- Rechtsgrundlage
- § 86a StGB
- Strafrahmen
- Freiheitsstrafe bis zu drei Jahren oder Geldstrafe (§ 86a StGB)
- Kurzfassung
- Öffentliches Verwenden oder Verbreiten von Kennzeichen verfassungswidriger oder terroristischer Organisationen
Der Vorwurf nach § 86a StGB betrifft das Verwenden von Kennzeichen verfassungswidriger und terroristischer Organisationen – etwa Symbole, Grußformen, Parolen oder Fahnen verbotener Vereinigungen.

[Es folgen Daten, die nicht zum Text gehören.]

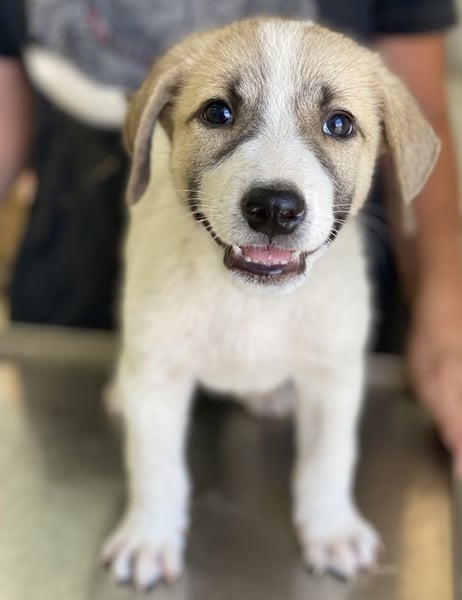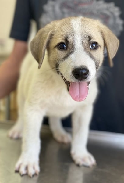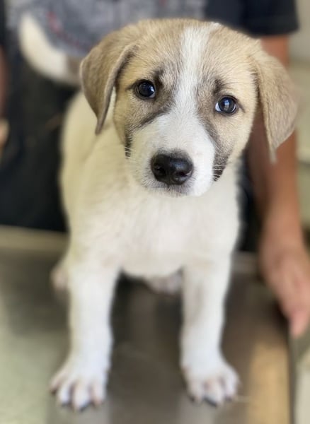 Der süße Anakyn hat überwiegend weißes Fell mit einem kleinen, hellbraunen Fleck auf dem Rücken. Er hat wunderschöne, dunkle Augen mit einem freundlichen und liebevollen Blick. Sein Gesicht ist wie eine Maske gezeichnet und seine Augenbrauen sind dunkel gefärbt, sodass es den Anschein erweckt, sie wären gefärbt.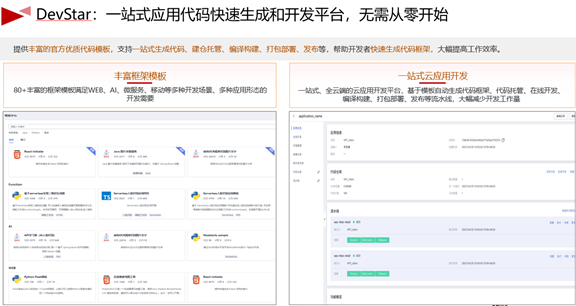 DevStar是针对开发者的应用开发痛点,提供了Web、App、微服务、AI、Serverless等不同类型的80+通用框架模板,让开发者无需从零开始开发应用。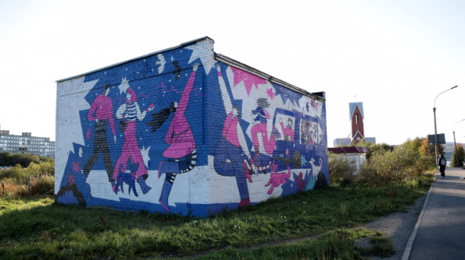 На улице Достоевского в Мурманске появился новый мурал в рамках проекта «Контакт», основной частью которого станет аудиогид.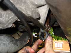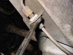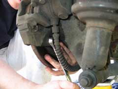 Undo the hose attached to the caliper, then the other end attached to the car. Be careful with the brake fluid as you don't want to get it on your paint work. The hoses have different sized nuts so you can attach the hoses. 11mm, 13mm and 17mm are the three we used. Be careful as if yours haven't been moved before, then they could be very stiff and the pipes can easily snap if too much pressure is placed on them. We found it best to attach the hose to the caliper first and then attach to the car. Make sure all the connection are tight.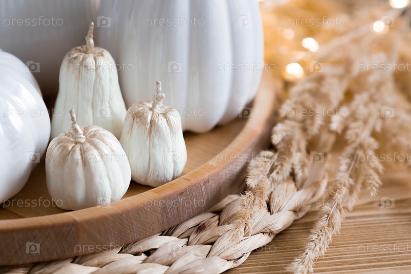 Натюрморт. Белые керамические тыквы, пампасная трава, свечи в форме тыквы на журнальном столике в домашнем интерьере гостиной. Детали декора. Уютная осенняя концепция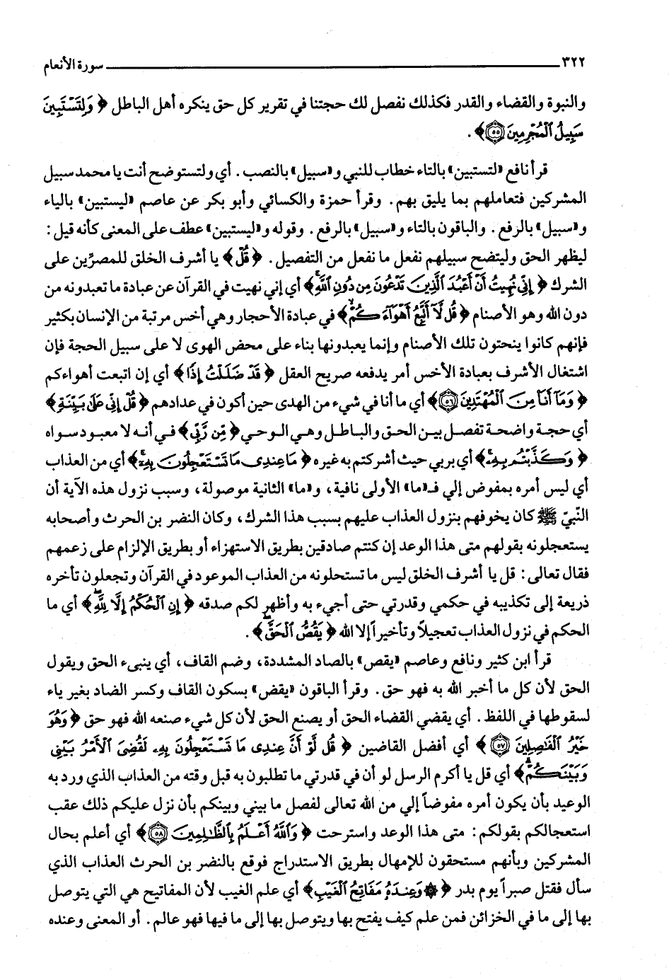 والنبوة والقضاء والقدر فكذلك نفصل لك حجتنا في تقرير كل حق ينكره أهل الباطل وَلِتَسْتَبِينَ سَبِيلُ الْمُجْرِمِينَ (55) .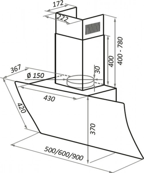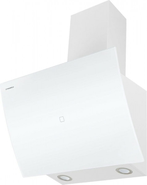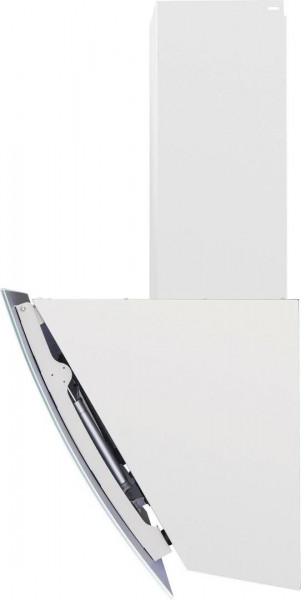 Дизайнерская наклонная настенная вытяжка шириной 60 см белого цвета крепится на стену над варочной панелью. Оптимальное решение для кухонь площадью до 35 кв.м. Работает в двух режимах – отвода (при подключении вытяжки к системе вентиляции) и рециркуляции (при использовании сменного угольного фильтра в вытяжке).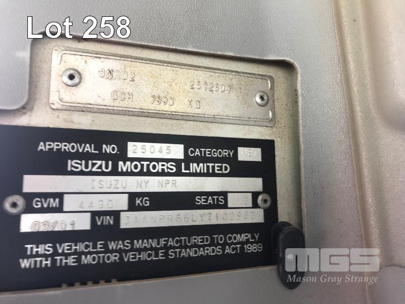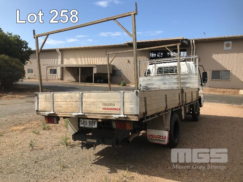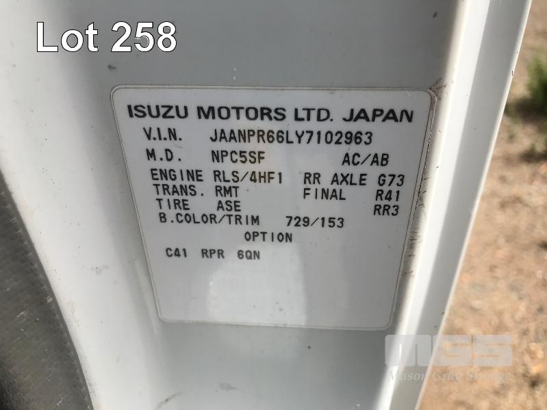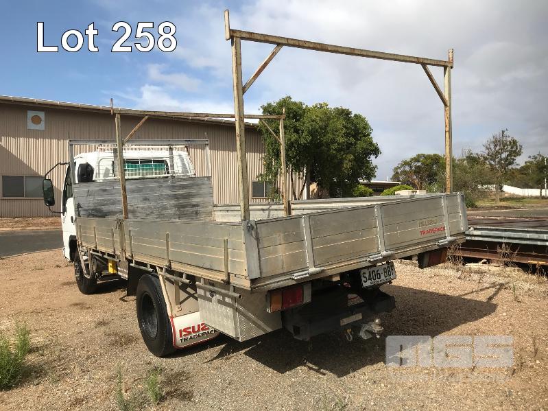 2009 ISUZU 200 NY NPR TRAY TOP TRUCK REG: S406 BBF (SA) (EXPIRED) VIN: JAANPR66LY7102963 ODO: 375,246 GVM: 4490 KG GCM: 7990 KG LENGTH: 4.8 MTR TRAY 5.2 LTR 4 CYLINDER, 5 SPEED MANUAL, DIESEL, WHITE, 2 DOORS, 3 SEAT, AIR CON, ALLOY TRAY, STEEL RIMS, STEEL LOAD RACKS (WITH PAPERS, WITH 2 KEY/S, NO OWNER'S MANUAL, NO SERVICE BOOKS)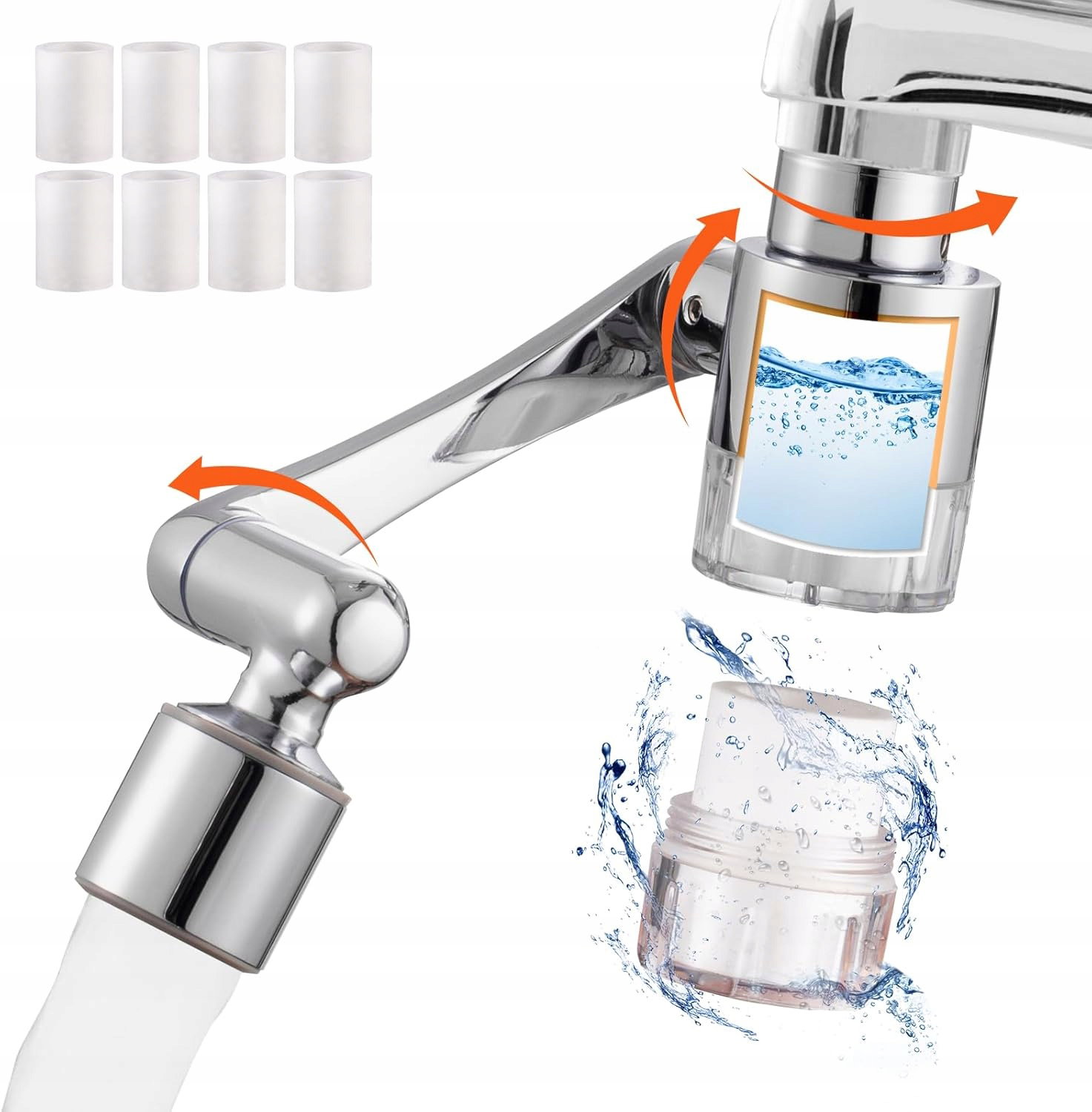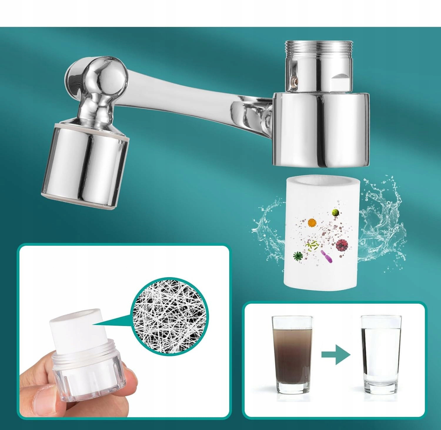 Filtr do wody, kran, 1080°, wychylny, 2 tryby, przedłużenie kranu z 8 filtrami, perlatory do kranów, można usunąć piasek i inne szkodliwe substancje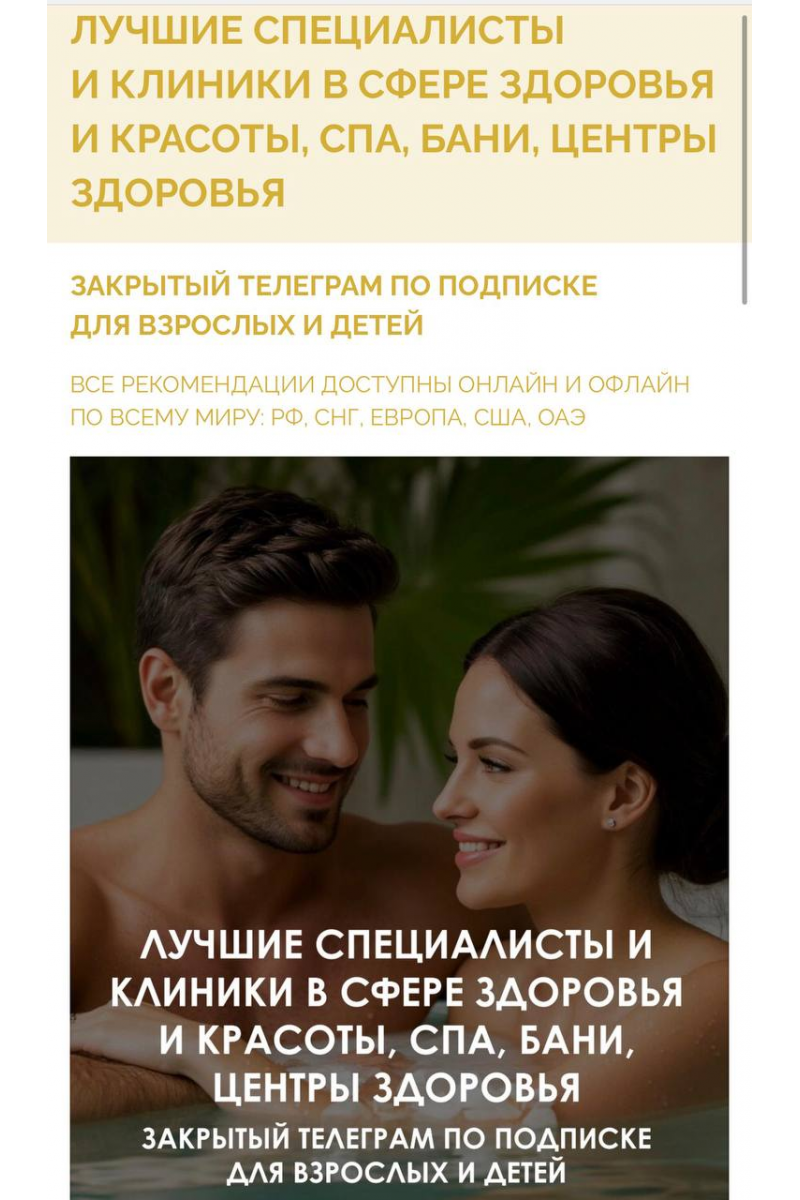 В гайде размещены контакты специалистов, клиник, СПА, бань, центров здоровья, которые мы отбирали с учётом высочайшей экспертности специалистов, безопасности, эффективности, качества процедур и клиентского сервиса

Häufig geht es um einzelne Gesten, Tattoos, Aufnäher oder Posts in sozialen Netzwerken. Die folgenden Abschnitte erläutern den Tatbestand und die Verteidigung.
Was ist strafbar?
§ 86a StGB stellt unter Strafe, wer im Inland Kennzeichen verfassungswidriger oder terroristischer Organisationen verbreitet, öffentlich verwendet oder solche Kennzeichen herstellt oder vorrätig hält. Erfasst sind Symbole, Fahnen, Abzeichen, Uniformstücke, Parolen und Grußformen, einschließlich zum Verwechseln ähnlicher Kennzeichen. Das bekannteste Beispiel ist das Zeigen des sogenannten Hitlergrußes.
Wichtige Ausnahmen
Die Strafbarkeit entfällt, wenn das Kennzeichen der staatsbürgerlichen Aufklärung, der Abwehr verfassungswidriger Bestrebungen, der Kunst oder Wissenschaft, der Forschung oder der Berichterstattung über Geschichte und Zeitgeschehen dient – die sogenannte Sozialadäquanzklausel. Auch eine erkennbar gegnerische, kritische Verwendung kann straflos sein. Die Abgrenzung ist im Einzelfall oft schwierig und ein zentraler Verteidigungsansatz.
Welche Strafe droht?
Der Strafrahmen reicht bis zu drei Jahren Freiheitsstrafe oder Geldstrafe. Bei Ersttätern und einmaligen Vorfällen sind eine Geldstrafe oder eine Einstellung möglich. Bei Jugendlichen und Heranwachsenden kommt das Jugendstrafrecht in Betracht.
Verteidigung
Die Verteidigung prüft, ob das verwendete Zeichen überhaupt ein geschütztes Kennzeichen ist, ob eine der Ausnahmen greift und ob Vorsatz vorlag – gerade bei jungen Betroffenen fehlt es häufig am Bewusstsein der Bedeutung. Bei Online-Sachverhalten sind Urheberschaft und Verwertbarkeit zu klären. Verwandtes Thema: Volksverhetzung.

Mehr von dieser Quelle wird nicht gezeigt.